Bug #1564487 reported by bugproxy
6
This bug affects 1 person
Affects Status Importance Assigned to Milestone
crash (Ubuntu)
Fix Released
Undecided
Chris J Arges

Bug Description

== Comment: #0 - Ping Tian Han - 2016-03-31 02:19:27 ==
---Problem Description---
With the kexec-tools comes from https://bugzilla.linux.ibm.com/show_bug.cgi?id=136588#c58 , we have dumpped a vmcore for bug 139815 after quiting from xmon.
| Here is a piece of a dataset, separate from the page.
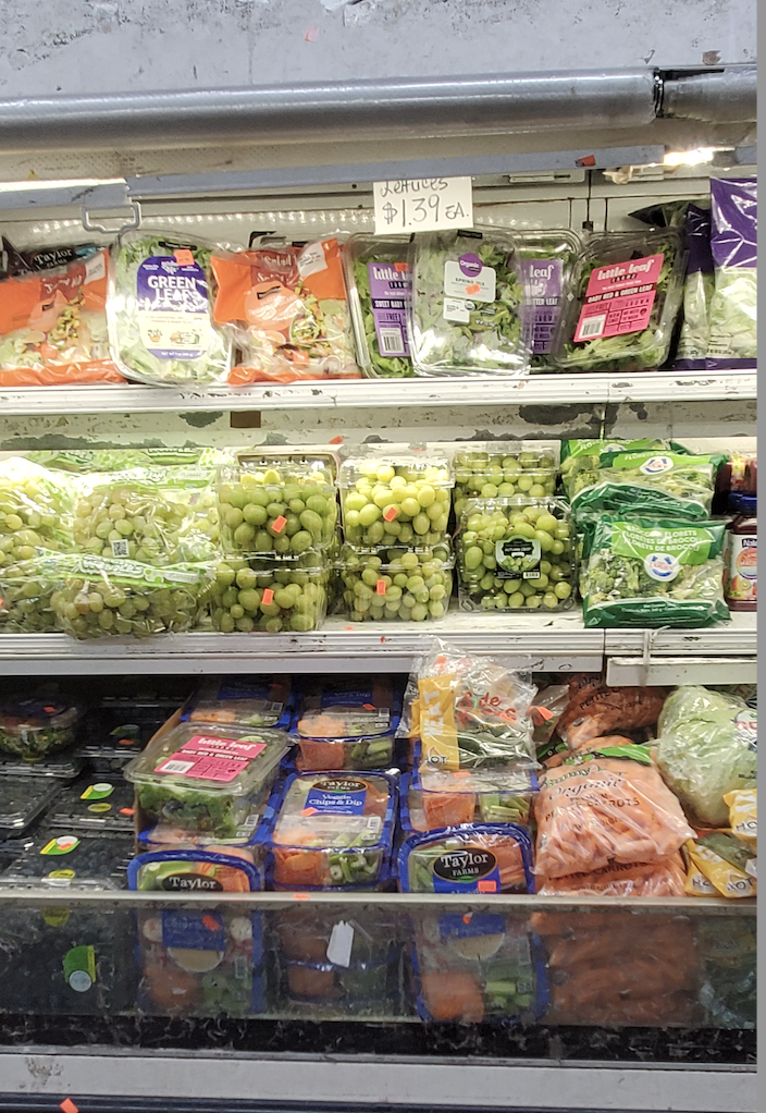 Something wild is happening at the surplus grocer right now. Early last week, they put out a bunch of bananas, blueberries, and blackberries. They don't typically traffic in fresh produce so this was notable, though not unprecedented. Then, over the course of the week, they started putting out more and more fresh produce: baby cukes, bags of seedless lemons, broccolini, serrano peppers, organic greens, veggie party platters, much more. It won't stop! There's a frantic energy to it, a race against spoilage. There isn't space for everything in the refrigerated cooler so they pile it into freestanding boxes in the middle of the store aisles.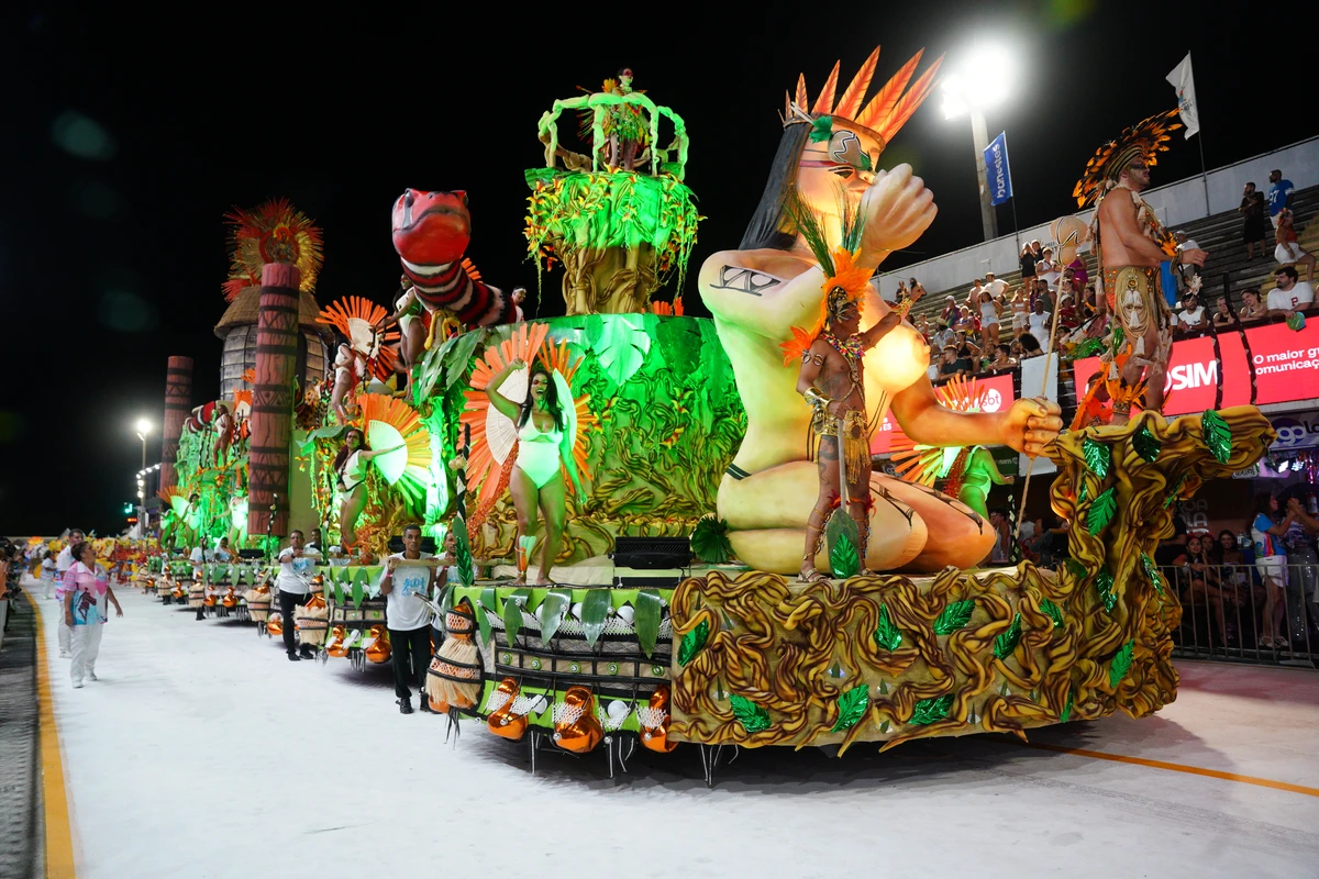 Sob criação do carnavalesco Osvaldo Garcia, a história destaca Aruanayê, uma figura feminina que representa a guardiã da sabedoria, da cura e da continuidade da vida. Essa personagem que dá nome ao enredo simboliza a Mãe Terra, corpo que dança, protege e resiste. Durante o desfile, as alas da Novo Império mostraram que raízes, rios, florestas, animais e astros dialogam como forças vivas, transformando memória em legado e dor em aprendizado.>

But when trying to analyse with crash:

% sudo crash /usr/lib/debug/boot/vmlinux-4.4.0-15-generic /var/crash/201603310043/dump.201603310043

crash 7.1.4
Copyright (C) 2002-2015 Red Hat, Inc.
Copyright (C) 2004, 2005, 2006, 2010 IBM Corporation
Copyright (C) 1999-2006 Hewlett-Packard Co
Copyright (C) 2005, 2006, 2011, 2012 Fujitsu Limited
Copyright (C) 2006, 2007 VA Linux Systems Japan K.K.
Copyright (C) 2005, 2011 NEC Corporation
Copyright (C) 1999, 2002, 2007 Silicon Graphics, Inc.
Copyright (C) 1999, 2000, 2001, 2002 Mission Critical Linux, Inc.
This program is free software, covered by the GNU General Public License,
and you are welcome to change it and/or distribute copies of it under
certain conditions. Enter "help copying" to see the conditions.
This program has absolutely no warranty. Enter "help warranty" for details.

GNU gdb (GDB) 7.6
Copyright (C) 2013 Free Software Foundation, Inc.
License GPLv3+: GNU GPL version 3 or later <http://gnu.org/licenses/gpl.html>
This is free software: you are free to change and redistribute it.
There is NO WARRANTY, to the extent permitted by law. Type "show copying"
and "show warranty" for details.
This GDB was configured as "powerpc64le-unknown-linux-gnu"...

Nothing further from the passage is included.